2. Subchapter C Corporation. This is a basic structure highly used all over the country, but also has relatively high tax rates. However, corporate shares can be traded freely among an unlimited number of owners. The C corporation is the most tax-efficient vehicle for taking a company public. It also provides the best structure for a tax-free merger in a stock swap.
3. Subchapter S Corporation. This is a long-used structure that offers a method to avoid the C corporation’s double taxation, but the more flexible LLC still provides more flexibility. However, some companies are legally prevented from organizing as LLCs. Also S corporations cannot deduct the cost of benefits provided to employee-owners holding more than 2 percent of the company.
Selecting the most advantageous structure is not completely about minimizing your current tax burden; it’s more about planning for the future. For example, if you’re a technology entrepreneur building a new company and you anticipate a public offering or merger once the venture matures, it will be in your best interest to setup as a C corporation.
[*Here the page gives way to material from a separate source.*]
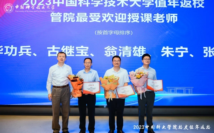 接下来,是一个特别的环节,管院校友办在值年返校前两周发起问卷调查,邀请返校的管院校友们留下最喜欢的老师的名字。最终,古继宝老师、翁清雄老师、毕功兵老师、张圣亮老师、朱宁老师名列前五,荣获“2023值年返校最受管院校友欢迎的授课老师”称号,他们的出色教学受到了广大校友的高度认可。活动当天,张圣亮老师和朱宁老师依旧坚守在教学岗位,未能参加颁奖环节。
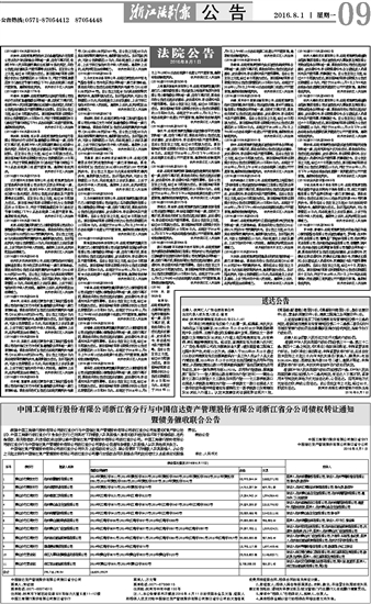 中国工商银行股份有限公司浙江省分行与中国信达资产管理股份有限公司浙江省分公司债权转让通知 暨债务催收联合公告

However, if you envision selling the business outright, an LLC or S corporation, is a better pathway, simply because most buyers prefer to structure a deal as a sale of assets, not as a sale of corporate stock. A sale of assets means a much higher tax burden for the seller of a C corporation because the profit is considered ordinary income to the company and is therefore taxed twice.
In the case where you plan to dissolve of the company at some future milestone, an LLC is a superior option. The IRS considers an LLC’s assets to belong to its members, so when a business is dissolved and its property distributed, the IRS does not recognize a taxable event.
Regardless of the structure that you choose for your new company, always draft a buy-sell agreement that determines how partners can exit the deal. If you wait until later, then it may become more difficult to negotiate.